<<<<

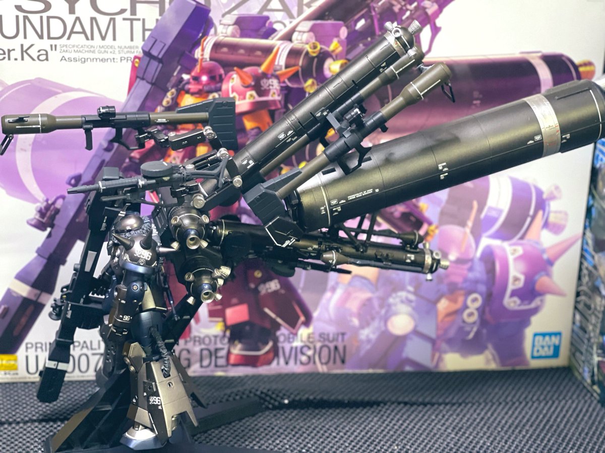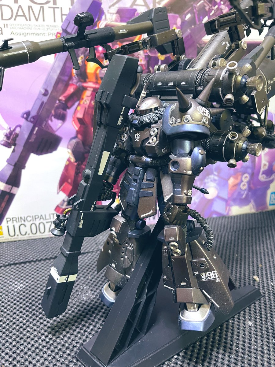 MGサイコ・ザク完成しました 設定はダリルのサイコザクの兄弟機をイメージして作中の赤く派手なサイコザクとは打って変わって無骨なメカメカしさを目指しました 初心者なので粗さ汚さが目立ちますが心は込めたのでイイネ👍コメントくれたら尻尾振って喜びます #ガンプラ #ガンプラ好きと繋がりたい
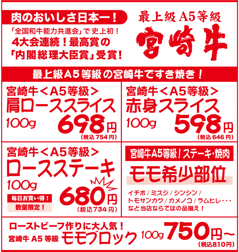 一頭買いで仕入れた国内屈指の黒毛和牛「宮崎牛」を中心に
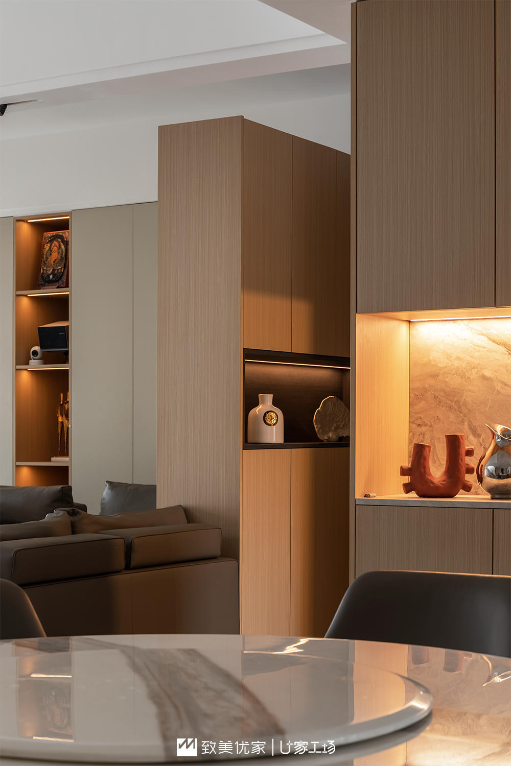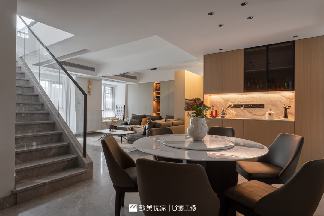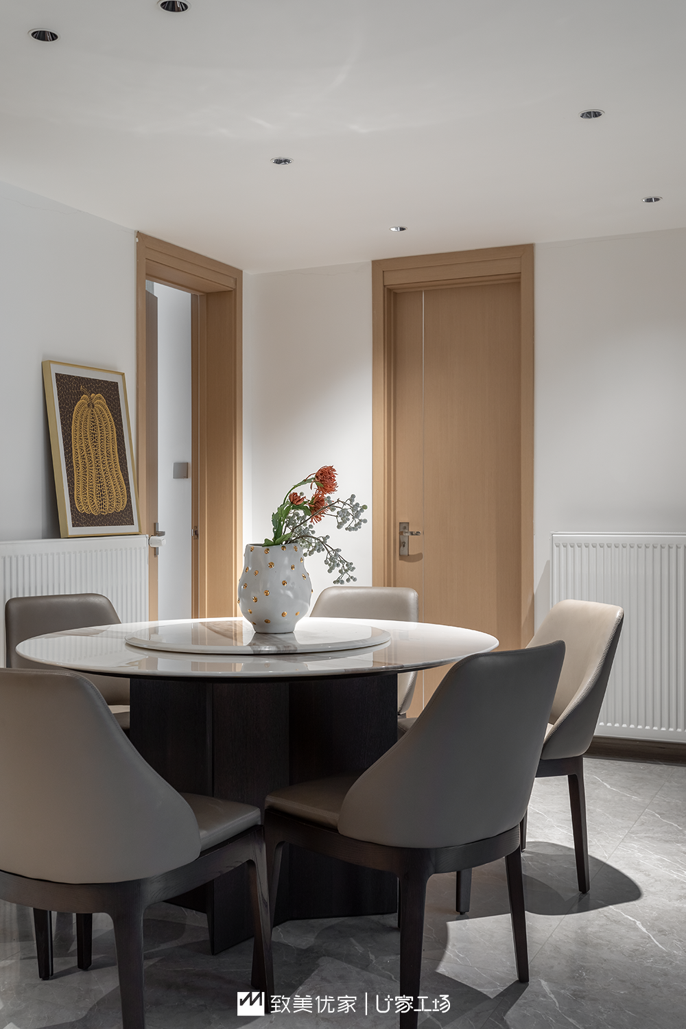 转身来到餐厅,圆形的餐桌非常适合一家六口人一起用餐,餐桌一旁也是整面墙的餐边柜,中间的开放格可以放置小家电,玻璃展示柜里可以放置收藏的好酒。一到周末,女儿一家人回来,便可和父母在客厅里一起互动交流看电影,一起聚餐,家的日常美好便是如此了。
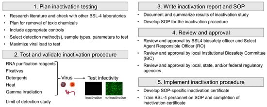 In the sections below, we will provide examples of different inactivation procedures for various BSL-4 viruses, with a focus on potential challenges connected to the specific inactivation procedure. We have developed an inactivation testing rubric that is adaptable to different parameters and viruses tested. The overall scheme of each inactivation testing described in this report can be found in Figures S1–S3.

>>>>

Would you give again exactly the lines from the line containing "转身来到餐厅,圆形的餐桌非常" through the end of the listing, both ends included, without any pictures?

 转身来到餐厅,圆形的餐桌非常适合一家六口人一起用餐,餐桌一旁也是整面墙的餐边柜,中间的开放格可以放置小家电,玻璃展示柜里可以放置收藏的好酒。一到周末,女儿一家人回来,便可和父母在客厅里一起互动交流看电影,一起聚餐,家的日常美好便是如此了。
 In the sections below, we will provide examples of different inactivation procedures for various BSL-4 viruses, with a focus on potential challenges connected to the specific inactivation procedure. We have developed an inactivation testing rubric that is adaptable to different parameters and viruses tested. The overall scheme of each inactivation testing described in this report can be found in Figures S1–S3.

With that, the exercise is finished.